# Big Mama!



## jbogg (Oct 21, 2018)

Other than a few small boars, it’s been nothing but sows with cubs for me lately.  The big gal in the picture snuck in silently from behind me yesterday afternoon. I turned my head to the left and she was only 15 feet away staring a hole through me.  The wind was really gusting up high and the ground was still damp from the morning rain.   I’m still amazed something so big could get so close without making a sound.  When I moved to pick up my phone to get some video she woofed a couple of times sending three cubs up a red Oak.   Not sure how to post video, so the pics will have to do.  Really cool encounter.


----------



## Mexican Squealer (Oct 21, 2018)

Man that’s awesome!!


----------



## GAbullHunter (Oct 21, 2018)

Okay just going to put this out there. I'd be done ruined the rest day of hunting do to having to go do laundry?.. Back to KillerKyle where the heck that come from an I not know it?. Haha. The feeling you get when something is watching? you an find this wow!! Some folks just don't believe how much the rain an wind can change things up an a hunting trip becomes this.. So glad you got away safe from the looks you were on ground an not in a climber( I get that right).. Nice sow!! My ticker would have been outta wack after I seen that.. Need my mamas eyes in the back of the head... But again, she got so close to you without knowing you where there, same as you didn't know she walked up with cubs. Bet she was like ?why did I put my cub in dangers way get up that tree? an quick!!


----------



## whitetailfreak (Oct 22, 2018)

Very cool pic, sounds like you had a good hunt.


----------



## Fork Horn (Oct 22, 2018)

Great pictures!  Bet the video is even better.


----------



## blood on the ground (Oct 22, 2018)

Very cool!
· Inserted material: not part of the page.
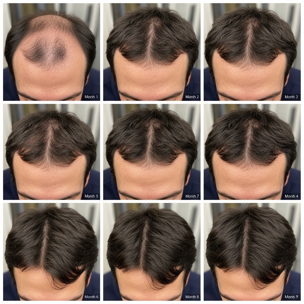 Hair regrowth takes time. New growth may appear fuzzy or short at first. Take monthly photos to monitor changes. Most women see significant improvement by 6-12 months postpartum.

Intense too!


----------



## Duff (Oct 22, 2018)

Great pics!!


----------



## 1eyefishing (Oct 22, 2018)

Pulling off pictures and a video in a situation like that is much tougher than pulling the trigger!
You are a successful bear hunter! Congrats on your encounters...


----------



## bany (Oct 22, 2018)

Awesome! I bet that was quite a show!


----------



## twincedargap (Oct 22, 2018)

so cool. you'll remember that as much as you would harvesting one


----------



## Rabun (Oct 22, 2018)

That's an awesome encounter. It is amazing how silent they can be. She's a big one for sure. Glad it all turned out OK for you!


----------



## jbogg (Oct 22, 2018)

I climbed up to one of those saddles on a narrow ridge that necks down so tight that you’re forced to choose a direction and face one way or the other.  She had to have followed my scent trail straight to my tree. I had buried myself into a little brushed in ground blind so I don’t think she  could see me that well.   That’s one thing I have noticed about bear is that they don’t seem to get all freaked out like a deer does when they hit your scent trail. They seem to be more curious than anything. Now if they get downwind of you it’s a different story and they are gone.


----------



## jbogg (Oct 22, 2018)

Thanks Tom @twincedargap for posting some video!


----------



## Dana Young (Oct 22, 2018)

The cubs look like they were over 75 lbs but she was a big ol girl


----------



## jbogg (Oct 22, 2018)

Dana Young said:


> The cubs look like they were over 75 lbs but she was a big ol girl



 I thought they were close to 75lbs as well.   As they were moving away through the mountain laurel one of the Cubs must have upset her to the point where she must have taken a swipe at it and it let out a loud yelp/squeal.   Had I not seen it myself I would’ve thought the sound came from a pig.


----------



## cohuttahunter (Oct 22, 2018)

Very nice video and photos.


----------



## northgeorgiasportsman (Oct 22, 2018)

Outstanding!  They all look very healthy.  My trigger finger would have been itching for sure!


----------



## FMBear (Oct 22, 2018)

Awesome experience you had for sure!


----------



## strothershwacker (Oct 22, 2018)

That'd been stickbow distance! Backpack mountain bear hunting has taken over my deer season. Im lovin it too! Great video, thanks for postin it!


----------



## CornStalker (Oct 23, 2018)

That's awesome, Jbogg! Great pics. Sometimes I think about bringing a nice camera for all the non-legal bear encounters. The photos alone are worth the hunt. Thanks for sharing with us!


----------



## deermaster13 (Oct 23, 2018)

That was awesome and enjoyed those pics and video. Thanks for sharing.


----------



## gtmcwhorter (Oct 23, 2018)

She grown...


----------



## j_seph (Oct 23, 2018)

I WOULD HAVE LOST MY BLADDER


----------



## Christian hughey (Oct 23, 2018)

strothershwacker said:


> That'd been stickbow distance! Backpack mountain bear hunting has taken over my deer season. Im lovin it too! Great video, thanks for postin it!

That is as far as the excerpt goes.